Entering edit mode
4.6 years ago
innyus
▴
40
Hi all!
I am a beginner in R. I am currently working on gene expression data (Nanostring). The data is normalized, house-keeping genes and low abundance have been removed and the data have been log2 transformed.
I have done DE analysis with limma.
Question: do I need to use scale(data) before running the analysis? I tried both scaling and without and the result are pretty similair but there are some differences. Same goes when I did PCA, the results rate almost same but not quite.

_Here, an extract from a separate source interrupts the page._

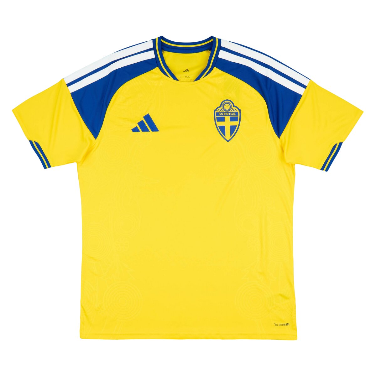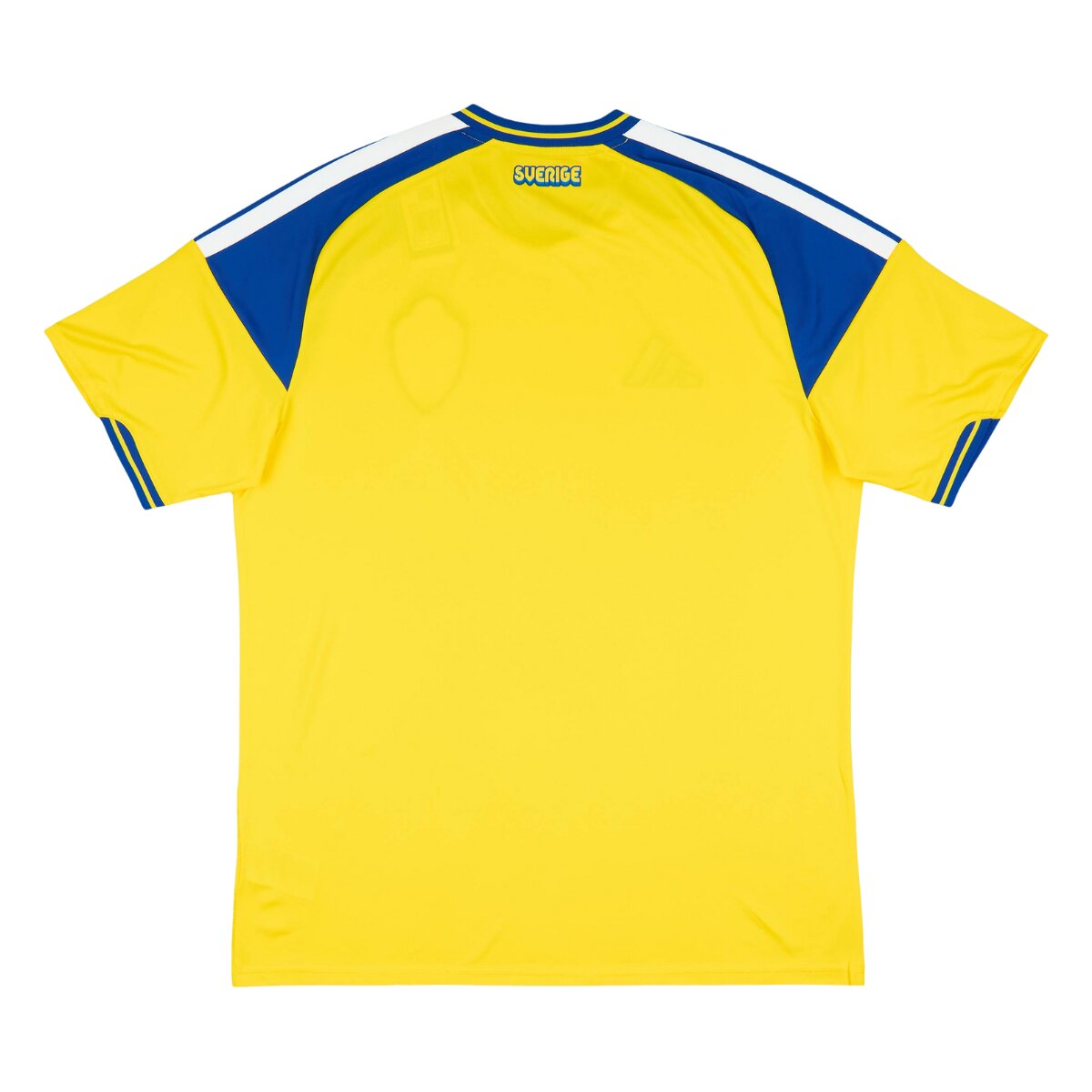 No peito, o escudo da Federação Sueca de Futebol (SvFF) aparece no lado esquerdo, simbolizando a tradição e a história da seleção. No lado direito, o logo da adidas surge em azul, mantendo a harmonia visual. Já na parte traseira da nuca, o nome do país em sueco é aplicado com tipografia inspirada nos anos 1970, reforçando o conceito cultural do uniforme.

Main question: does one always have to use scale() on the data (even normalized, log2 transformed)? Can scale() ever ”damage” the results/data?
My take on it is that it's easier to interpret the beta values resulting from a linear model when they're scaled. In linear models it shouldn't affect the results.
The coefficients are comparable when standardized but their interpretation is not simpler because the relation to the original measurement unit is lost, e.g. interpretation of a coefficient on a weight scale is interpreted as how much a change in outcome is brought about by a change in 1 kg in the measured mass, the standardized version is interpreted as how much the outcome would change for a 1 standard deviation change in mass.
Yes, that makes sense.
Just a side comment, as I have processed many NanoString datasets: the approach that you're using is not incorrect; however, NanoString is a count-based method and the analysis may therefore be more conducive to the use of EdgeR or DESeq2, i.e., start from the raw NanoString counts and normalise these via EdgeR or DESeq2. One can even specify housekeeper genes, in this scenario. nSolver is also a [free] Windows-based GUI that can process NanoString data.